Items from a dataset:
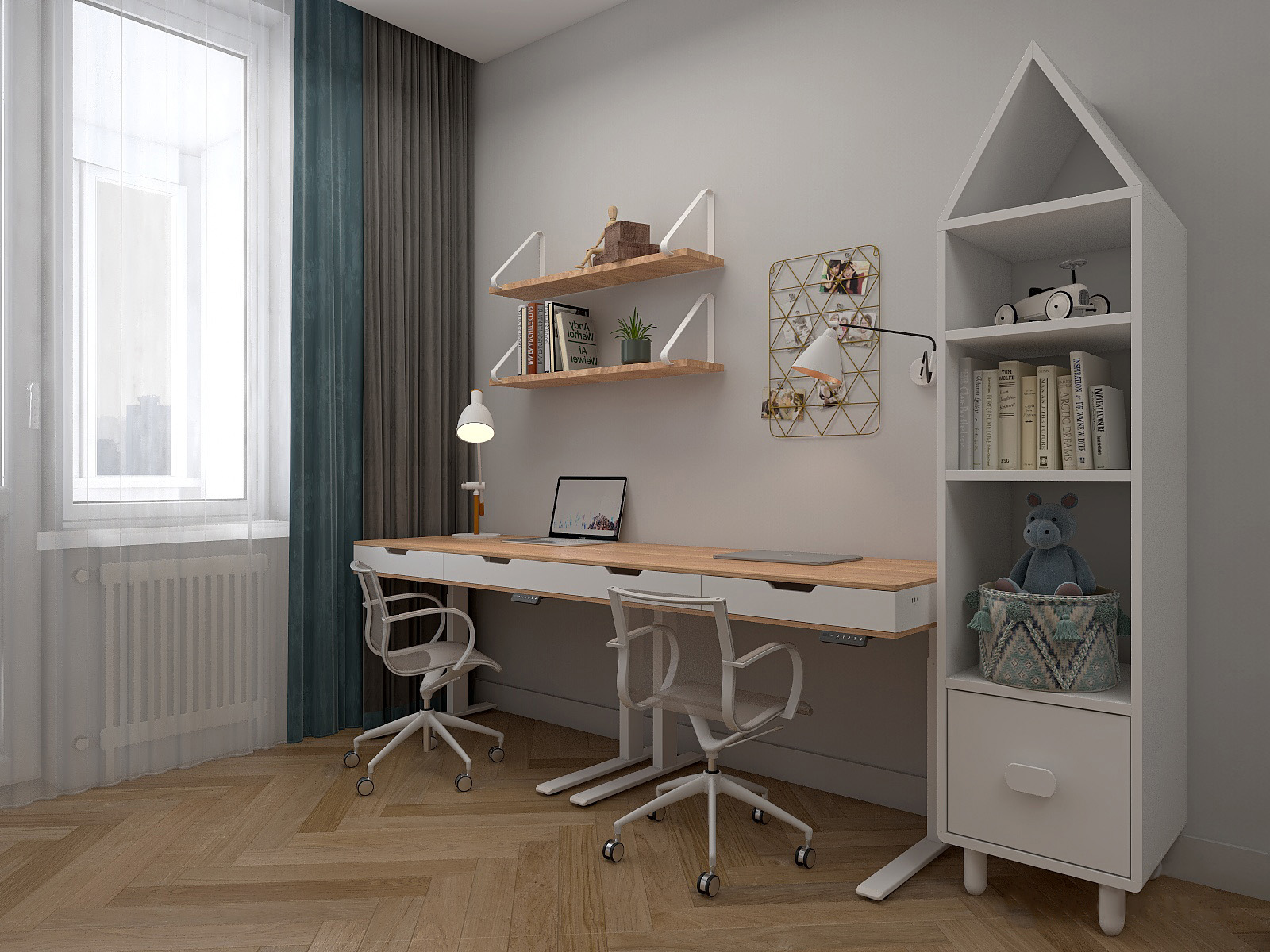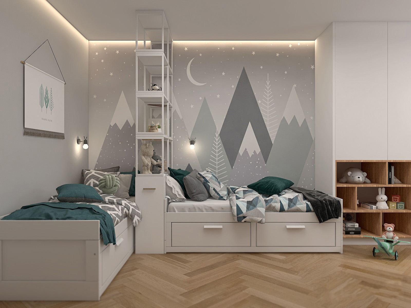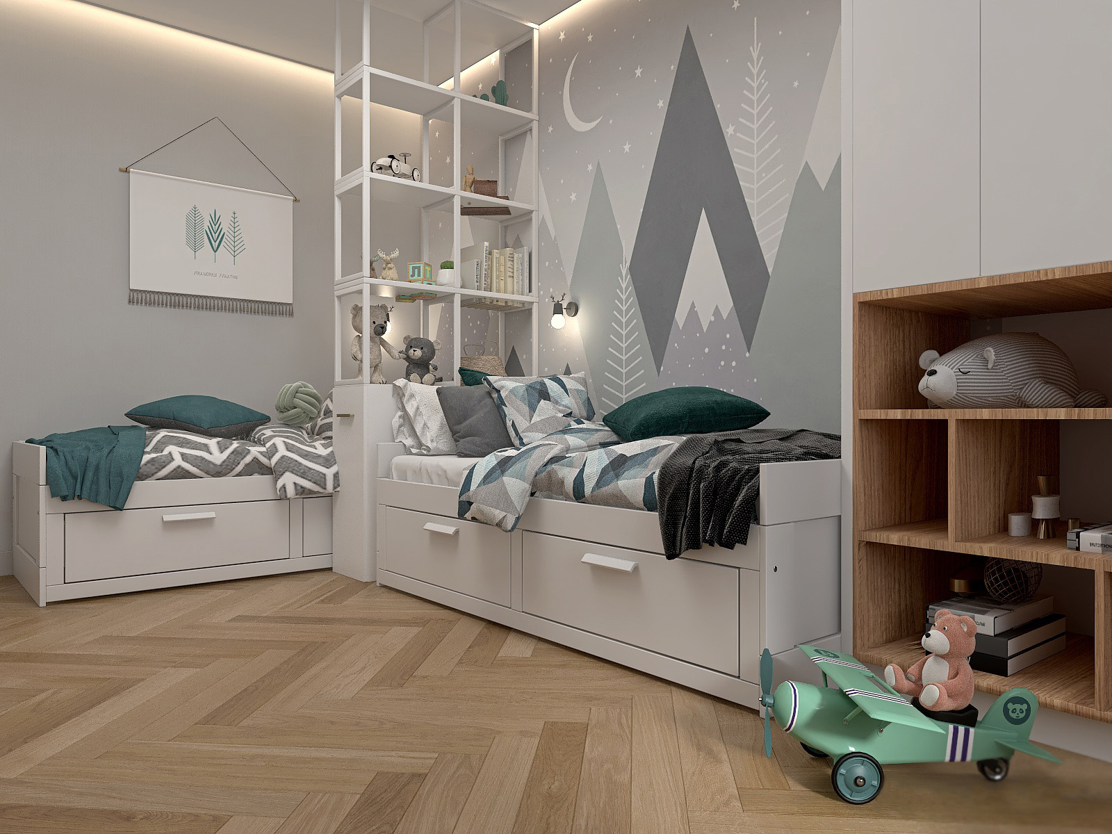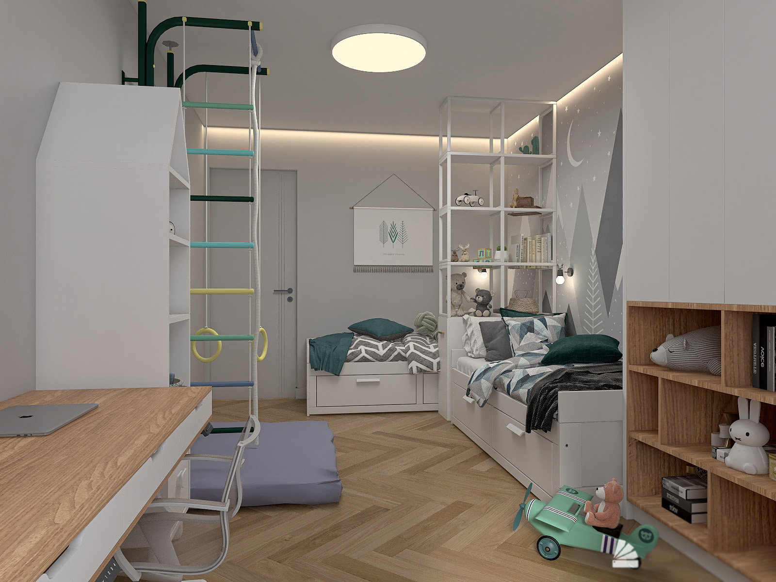 Детская для двух мальчиков. Площадь комнаты — 16 м². Задача была разместить всю необходимую мебель: 2 кровати, 2 рабочих места, место для хранения одежды, книг, игровую зону, и сделать пространство функциональным и красивым.
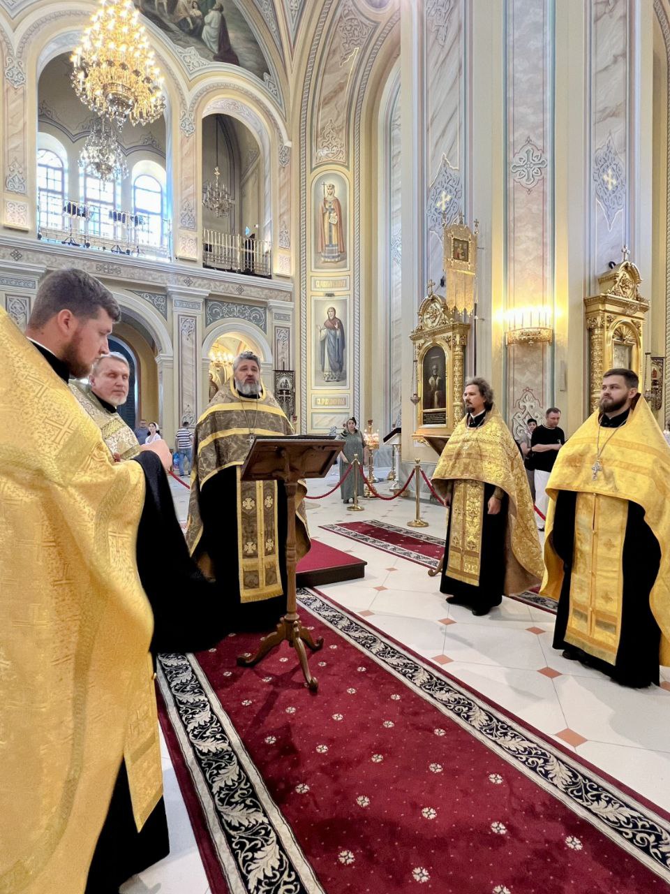 Настоятель и духовенство нашего прихода молитвенно приняли участие в торжественных богослужениях - Божественной литургии и молебном пении святителю Тихону перед иконой и ковчегом с его святыми мощами в Кафедральном соборе Рождества Пресвятой Богородицы.
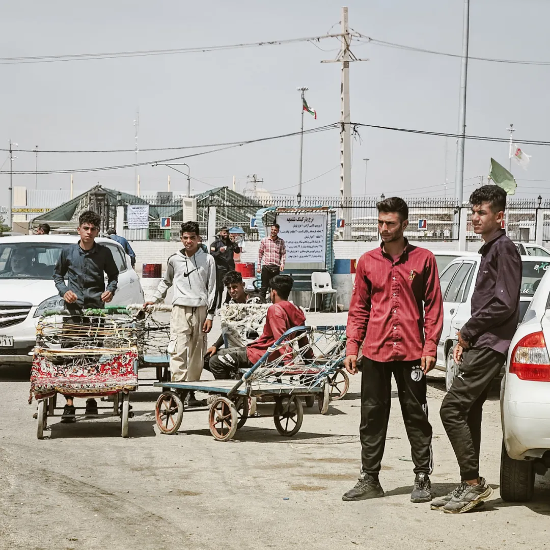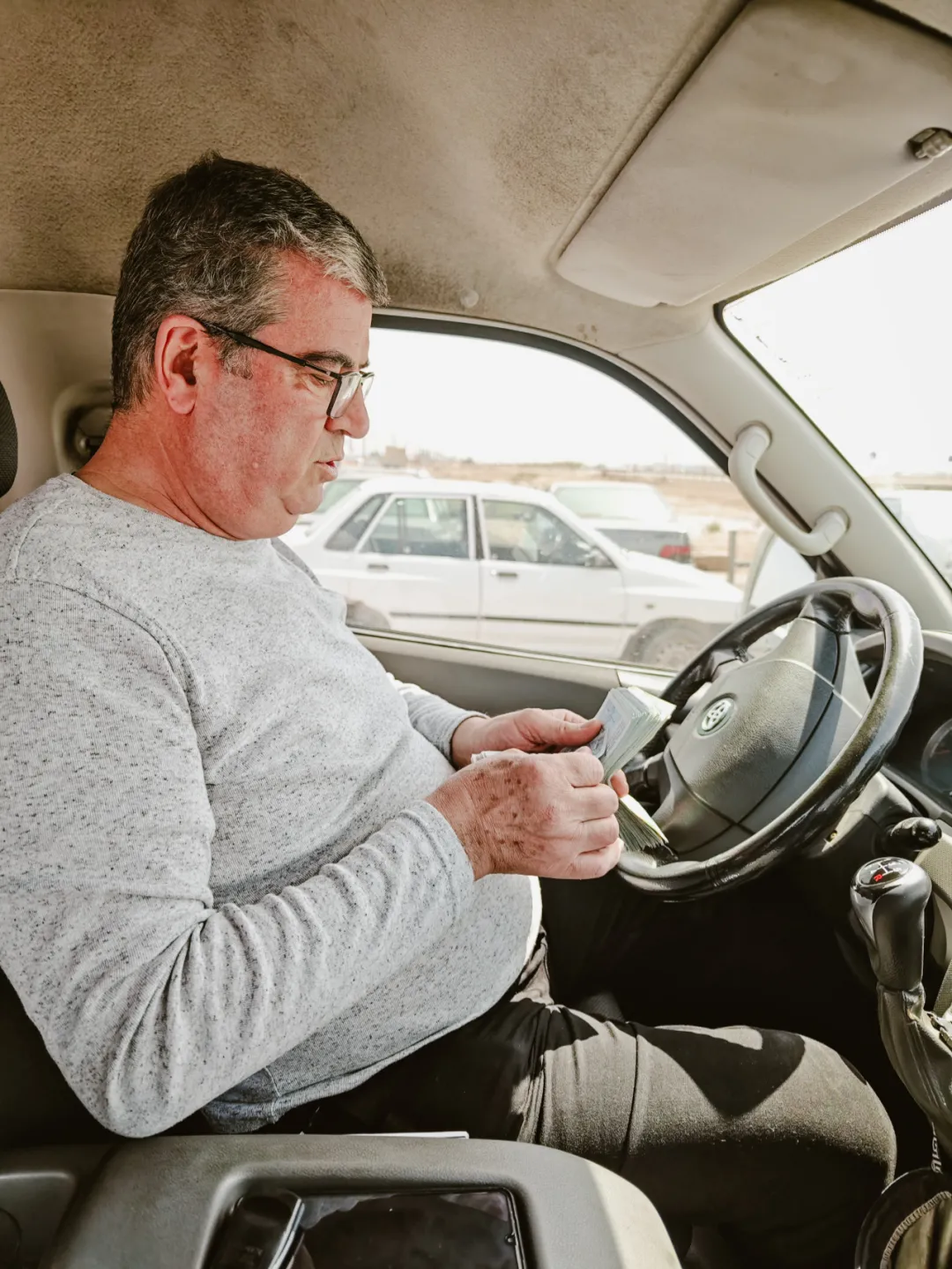 一進口岸在伊朗這邊,就有很多可以換伊拉克第納爾的黃牛。經歷過了土耳其邊境跟伊朗黃牛鬥智鬥勇的經歷,讓我們實在有點不敢相信這幫人。但這邊的黃牛似乎是被政府收編的,甚至有可能是伊拉克過來的,要比伊朗其他地方規範得多,他們都有統一的紅馬甲制服,匯率也都童叟無欺,直接就給了我們1美元換1450第納爾的匯率——比小李告訴我的1400還高。
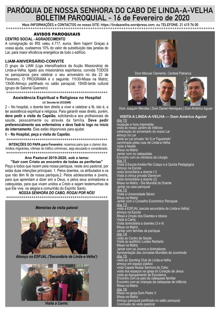Boletim paroquial, Domingo, 16 de Fevereiro.
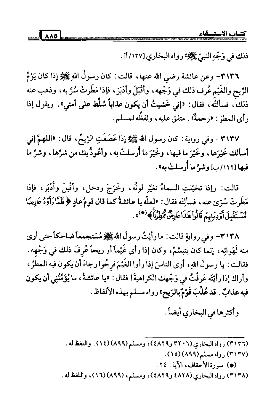3137 - وَفِي رِوَايَة: كَانَ رَسُول الله صَلَّى اللَّهُ عَلَيْهِ وَسَلَّم َ إِذا عصفت الرّيح، قَالَ: " اللَّهُمَّ إِنِّي أَسأَلك خَيرهَا، وَخير مَا فِيهَا، وَخير مَا أُرسلت بِهِ، وَأَعُوذ بك من شَرها، وَشر مَا فِيهَا [122 / ب] وَشر مَا أرْسلت بِهِ ". قَالَت: وَإِذا تَخَيَّلت السَّمَاء تغيّر لَونه، وَخرج وَدخل، وَأَقْبل وَأدبر، فَإِذا مطرَت سُرّى عَنهُ، فَسَأَلته فَقَالَ: " لَعَلَّه يَا عَائِشَة كَمَا قَالَ قوم عَاد {فَلَمَّا رَأَوْهُ عارضا مُسْتَقْبل أَوْدِيَتهمْ قَالُوا هَذَا عَارض مُمْطِرنَا} ".
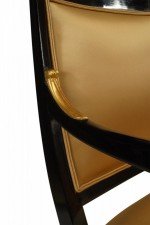 Style: Continental Materials & Techniques: Ebonized, gilded Category: Seating Condition: One chair has a large stain on the seat. The other chair has smaller stains. Good; Wear consistent with age and use
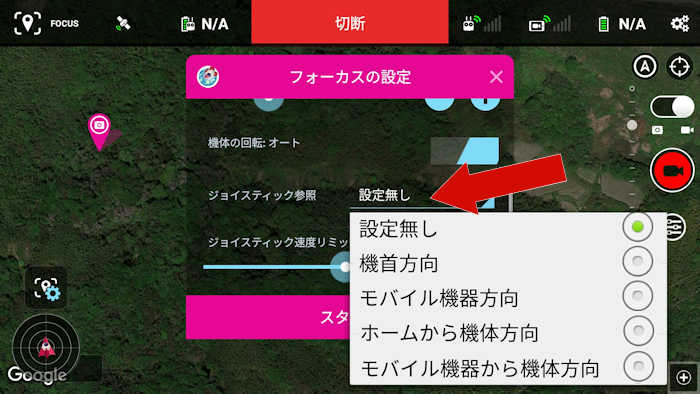 ジョイスティック参照 で「モバイル機器から機体方向」(D-Aベアリング) を設定・・・自分を中心に移動します
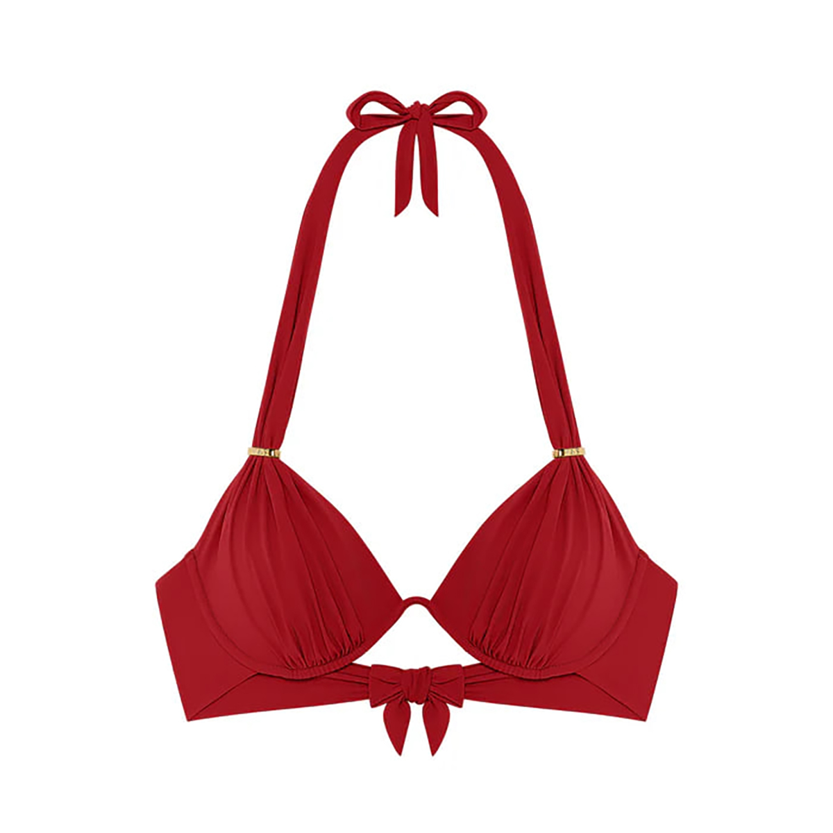 Бюстгальтер з м'якою трикутною формою чашок на монокістці. Чашки дубльовані із внутрішньої сторони для надання необхідної підтримки. Глибоке декольте. Зав'язується навколо шиї та на спині.
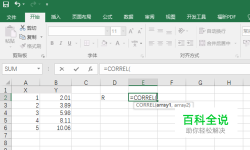 先后选中两列数据 公式为=CORREL(A2:A6,B2:B6)

= REQUIREMENT =
Extract all the data above exactly, excluding every picture.

= SOLUTION FOR THIS EXERCISE =
 Детская для двух мальчиков. Площадь комнаты — 16 м². Задача была разместить всю необходимую мебель: 2 кровати, 2 рабочих места, место для хранения одежды, книг, игровую зону, и сделать пространство функциональным и красивым.
 Настоятель и духовенство нашего прихода молитвенно приняли участие в торжественных богослужениях - Божественной литургии и молебном пении святителю Тихону перед иконой и ковчегом с его святыми мощами в Кафедральном соборе Рождества Пресвятой Богородицы.
 一進口岸在伊朗這邊,就有很多可以換伊拉克第納爾的黃牛。經歷過了土耳其邊境跟伊朗黃牛鬥智鬥勇的經歷,讓我們實在有點不敢相信這幫人。但這邊的黃牛似乎是被政府收編的,甚至有可能是伊拉克過來的,要比伊朗其他地方規範得多,他們都有統一的紅馬甲制服,匯率也都童叟無欺,直接就給了我們1美元換1450第納爾的匯率——比小李告訴我的1400還高。
Boletim paroquial, Domingo, 16 de Fevereiro.
3137 - وَفِي رِوَايَة: كَانَ رَسُول الله صَلَّى اللَّهُ عَلَيْهِ وَسَلَّم َ إِذا عصفت الرّيح، قَالَ: " اللَّهُمَّ إِنِّي أَسأَلك خَيرهَا، وَخير مَا فِيهَا، وَخير مَا أُرسلت بِهِ، وَأَعُوذ بك من شَرها، وَشر مَا فِيهَا [122 / ب] وَشر مَا أرْسلت بِهِ ". قَالَت: وَإِذا تَخَيَّلت السَّمَاء تغيّر لَونه، وَخرج وَدخل، وَأَقْبل وَأدبر، فَإِذا مطرَت سُرّى عَنهُ، فَسَأَلته فَقَالَ: " لَعَلَّه يَا عَائِشَة كَمَا قَالَ قوم عَاد {فَلَمَّا رَأَوْهُ عارضا مُسْتَقْبل أَوْدِيَتهمْ قَالُوا هَذَا عَارض مُمْطِرنَا} ".
 Style: Continental Materials & Techniques: Ebonized, gilded Category: Seating Condition: One chair has a large stain on the seat. The other chair has smaller stains. Good; Wear consistent with age and use
 ジョイスティック参照 で「モバイル機器から機体方向」(D-Aベアリング) を設定・・・自分を中心に移動します
 Бюстгальтер з м'якою трикутною формою чашок на монокістці. Чашки дубльовані із внутрішньої сторони для надання необхідної підтримки. Глибоке декольте. Зав'язується навколо шиї та на спині.
 先后选中两列数据 公式为=CORREL(A2:A6,B2:B6)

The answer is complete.